22/6/19

Ejercicio total.

 El campanario --reminiscencia de la antigua universidad monacal-- acaba de dar las doce: mediodía.


Deja la pluma y la página, mitad en blanco: instrumento y material de una labor que se cumple cotidianamente casi sin pensarlo, por un hábito enraizado en lo más íntimo, en el esencial deseo.


Desde temprano en la mañana ha ido cumpliendo línea línea, con interrupciones --cada tanto-- del teléfono y sus contactos con el mundo infinito de la red.

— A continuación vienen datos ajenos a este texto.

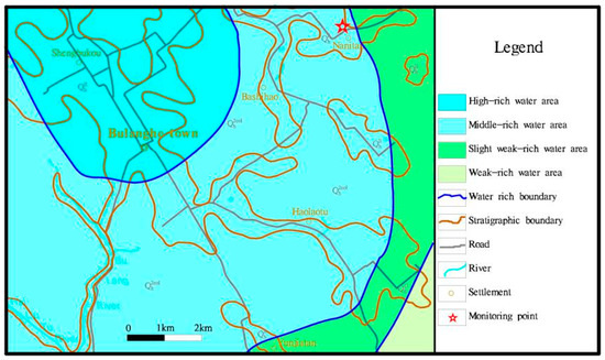 The study was conducted in the southern margin of the Mu Us Sandy Land, Bulanghe Township, Yulin City, China (Figure 1). It is located in the water shed of Bu Lang River, a tributary of Hai Liu Tu River. The surface layer in this area is aeolian sand, underlying sandstone or mudstone, and the main aquifer is the Quaternary Lake sediments’ pore aquifer (), a middle-rich water area (Figure 2). Soils are fine-textured sand without clay, according to the grain size composition experiment at the test site (Table 1). The depth of phreatic water is about 1.1–1.4 m. Altitude is 1250–1280 m and the average annual temperature is 8.1 °C. It experiences a typical semi-arid climate: precipitation is mainly concentrated from June to September, with an average annual precipitation of 340 mm and an average annual potential evaporation of 2180 mm from 1957–2007 [38].

Se detiene al llamado del carillón para tomar un descanso; porque, aunque no lo parezca, quién se sienta al escritorio y escribe durante un par de horas sin otro movimiento que el de la mano se cansa y necesita un momento de reposo.


Se lo pide el cuerpo.


Pide desperezarse, no porque estuvo perezoso sino porque en la concentración del trabajo de escribir todos los músculos estaban atentos al esfuerzo.

No sólo la mano escribe, sino todo el cuerpo: magnífico instrumento que produce intrincadamente la palabra.


Y porque escribir es un acto vitalmente corporal no da lo mismo hacerlo en cualquier parte y de cualquier manera. El espacio en que se escribe, el rincón propio, la celda del escriba importa; tanto como importa el instrumento, sea pluma o computador.

El silencio de la biblioteca, la mesa firme frente a la ventana de la luz, el roce de la plumafuente en el papel sedoso, la inclinación del torso sobre lo que se va escribiendo son todos componentes esenciales del verso y la frase exacta, de la oración y el párrafo bordados del fino filigrana de tinta negra, garabato significante.


Como escribir, toda actividad creadora es un acto ritual, un gesto de homenaje, no a los dioses patéticos de las sectas temerosas, sino a la obstinada humanidad creadora de sí misma, primer y único motor de la realidad consciente.

No en balde se merece el descanso.

Échense a volar las campanas de la dicha humana.